PhD (African American Studies), Northwestern University
MA (American Studies), Purdue University
BA (Africana Studies and Human Rights), Barnard College
Visiting Assistant Professor of English
PhD (African American Studies), Northwestern University
MA (American Studies), Purdue University
BA (Africana Studies and Human Rights), Barnard College
Black diasporic literature, culture, and intellectual history, postcolonial literature and theory, Black feminist studies, gender and sexuality studies, girlhood studies
My research and teaching foregrounds how Black writers across the diaspora develop complex and nuanced critiques of Black relationality. While my primary area of research is twentieth century Ghanaian and African American literature, my interests also encompass Black Studies, African Studies, 19th Century African American Literature, Feminist Theory, Young Adult Literature, and Childhood Studies. My current project examines how Efua Theodora Sutherland, Maya Angelou, Ama Ata Aidoo, James Baldwin, and Toni Morrison have used Black friendship to question and rework theories of race, gender, and intimacy through figurations of Black girlhood. I argue that amidst entanglements in decolonial, Pan-African, and anti-racist projects, these authors saw friendship as a way to renegotiate the terms of being together.

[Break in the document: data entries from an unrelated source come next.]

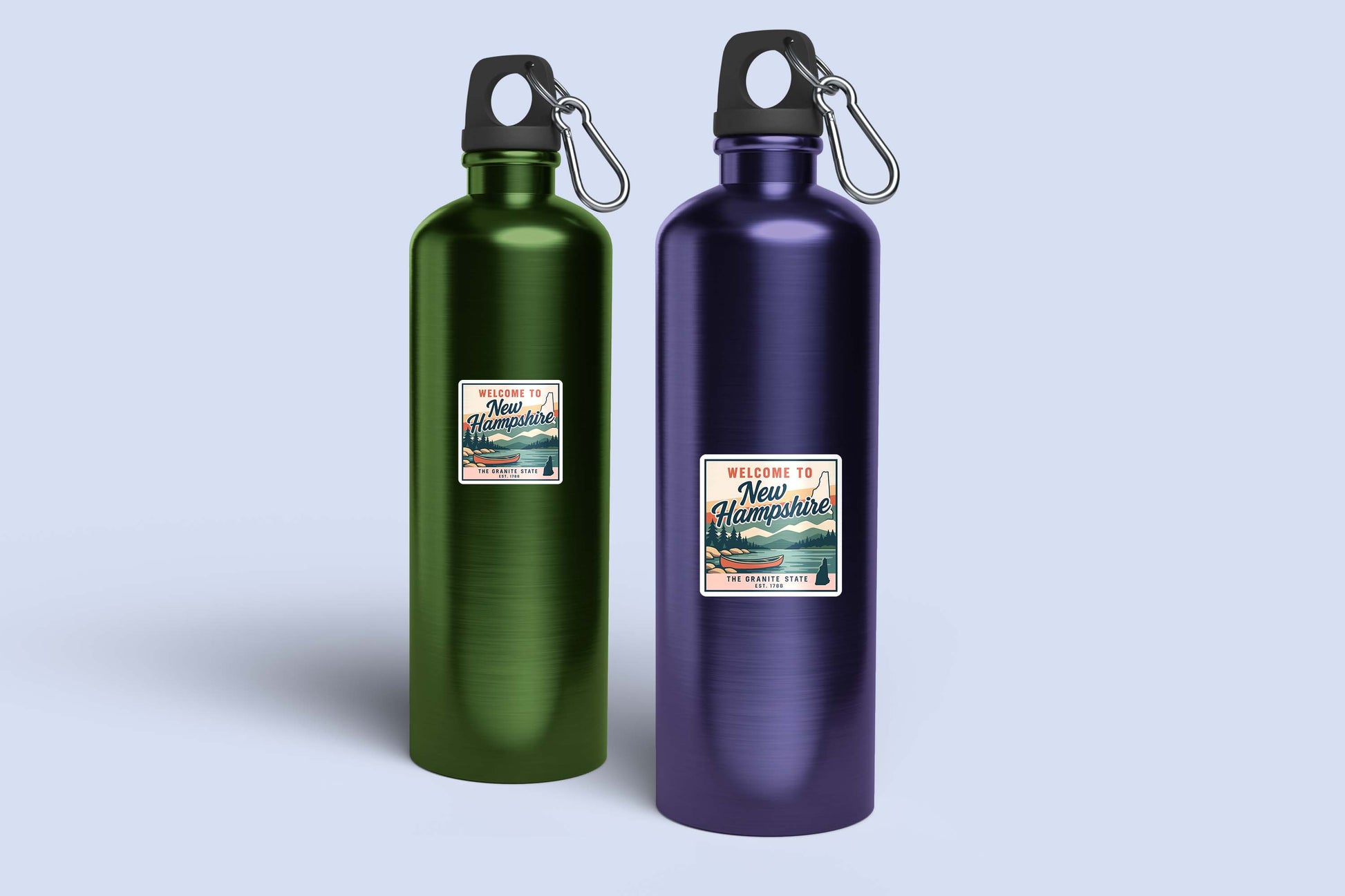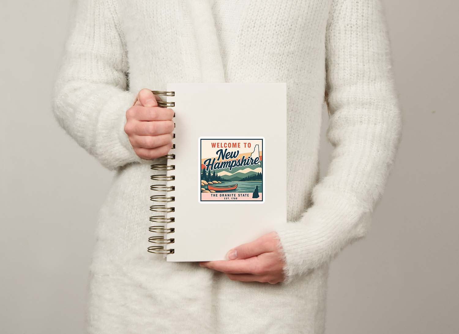 Celebrate The Granite State with this charming Welcome to New Hampshire vinyl sticker! Featuring a scenic mountain landscape, evergreen trees, and a canoe resting on the calm waters, this retro-inspired design perfectly captures the rugged natural beauty and adventurous spirit of New Hampshire. Ideal for travelers, collectors, or anyone who loves the outdoors.
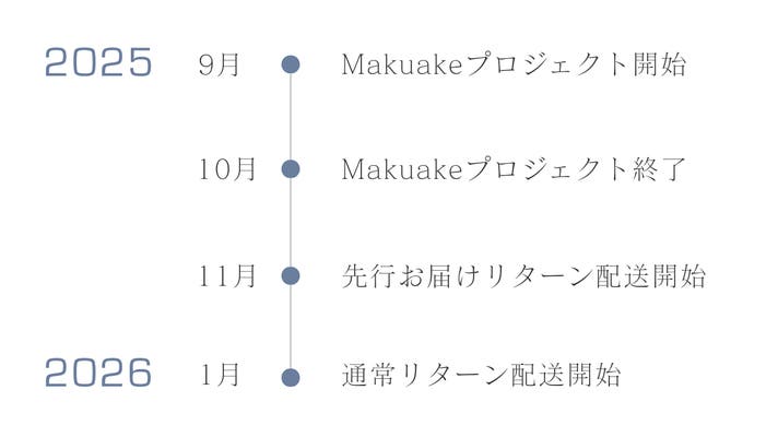 ※上記のスケジュールは、あくまでプロジェクト公開時点の予定です。応援購入の数が想定を上回った場合、製造工程上の都合により出荷時期が遅れる場合がございます。
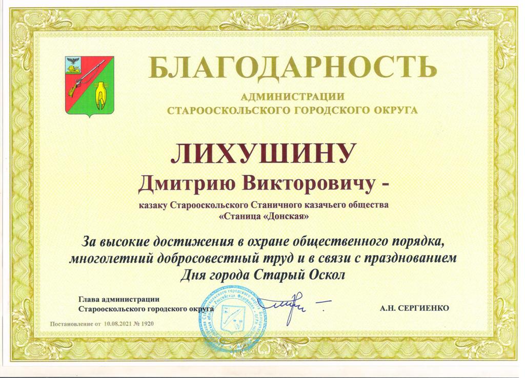 Благодарностью главы администрации Старооскольского городского округа были награждены также казаки Станицы «Донская» Лихушин Дмитрий и Симонов Игорь.
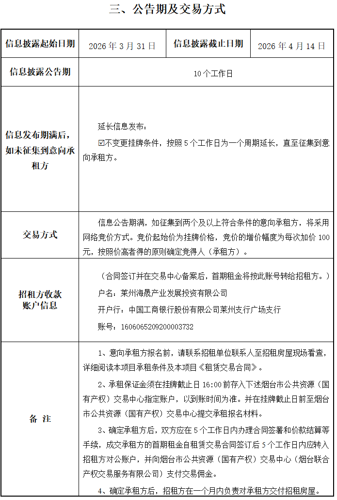 • 掛牌起止日期:2026年3月31日-2026年4月14日
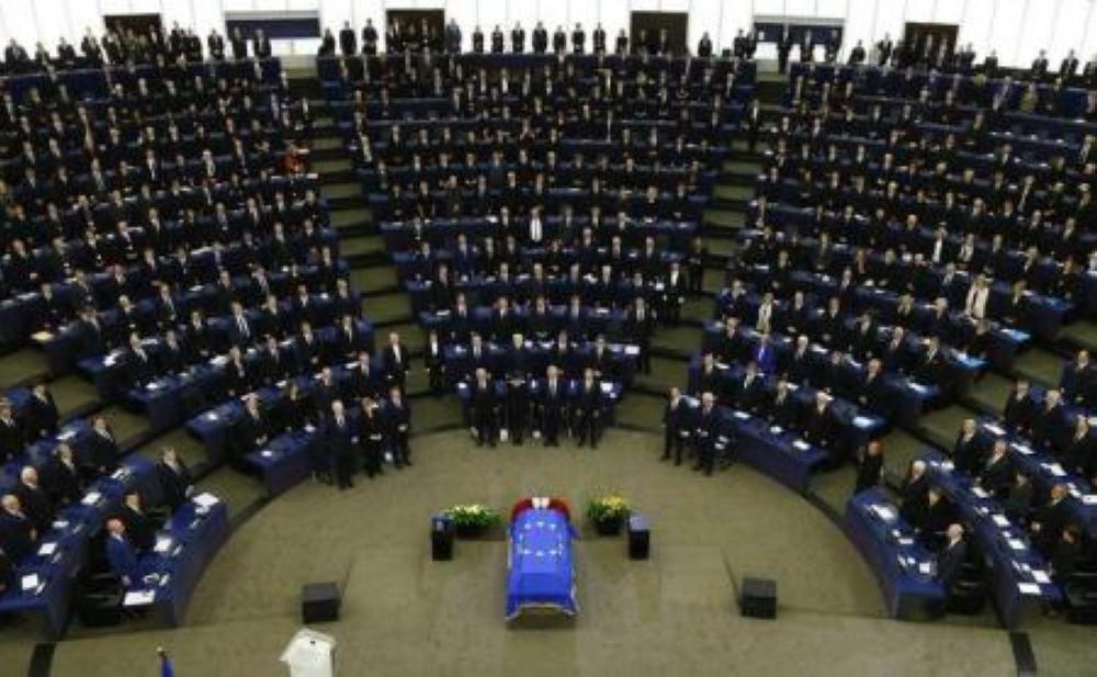 زعماء دول ومسؤولون خلال مراسم تأبين هلموت كول في البرلمان الأوروبي بستراسبورج اليوم السبت (رويترز).
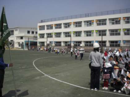 今年度初めての避難訓練です。また、校庭改修が完了してからも初めての訓練です。
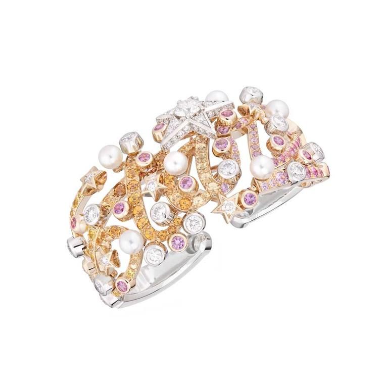 Первая глава вдохновлена свободой полета кометы и является наиболее близкой отсылкой к Bijoux de Diamants Габриэль Шанель 1932 года, ее единственной коллекции высоких украшений, в которой звезды сияли на плечах, лбах и запястьях.
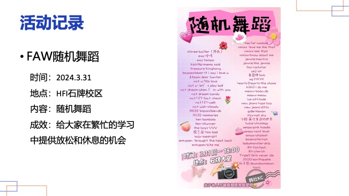 3. 组织社员参加了kpop随机舞蹈快闪活动,体验了韩国舞蹈。Organized club members to participate in Kpop random play dance in public. (A different one from the one before)
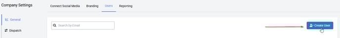 To add a 'User' account, locate and click the blue 'Create User' button. Enter in the desired email and password for the dispatcher account.
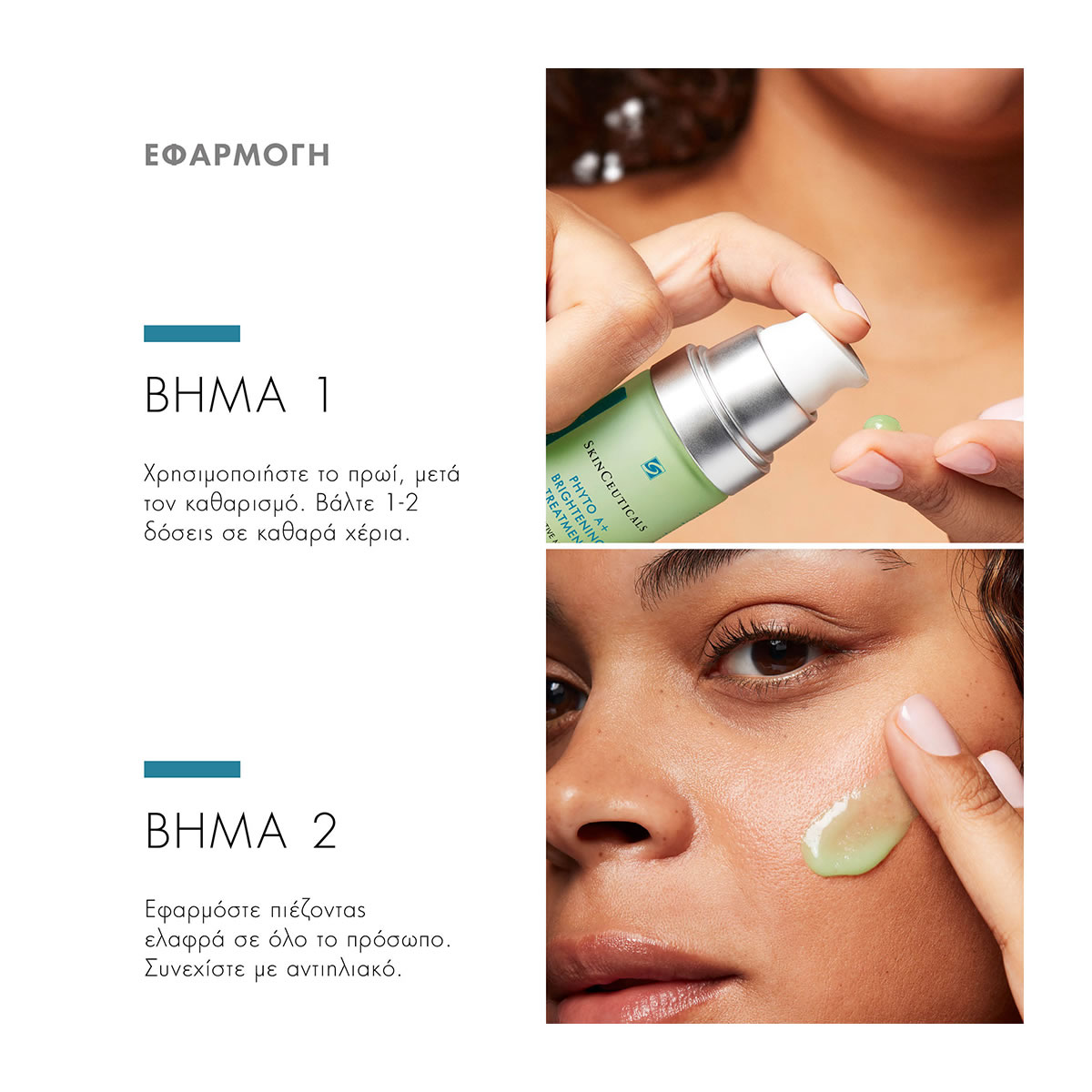 Εφαρμόστε δύο φορές την ημέρα, 1-2 πιέσεις μετά τον καθαρισμό. Το πρωί, εφαρμόστε μετά από έναν αντιοξειδωτικό ορό SkinCeuticals και συνεχίστε με αντηλιακό.

Situated within Black Diaspora Literary Studies, my pedagogy engages with textual analysis and literary and cultural production to make the classroom a bridge between critical and emotional engagement. My students explore how different subjectivities, genres, and varied geographical locations culminate to critique and reimagine histories and futurities. Working with youth organizations such as the Chicago Freedom School, Lee and Low Books, and the Akoma Institute, a pop-up school for Afro-Indigenous girls in Brazil, I am committed to relationship building as a political commitment and intellectual practice.
My research has been supported by the Alumnae Association of Barnard College, the Buffet Institute for Global Affairs, the Andrew W. Mellon Foundation, the Social Science Research Council.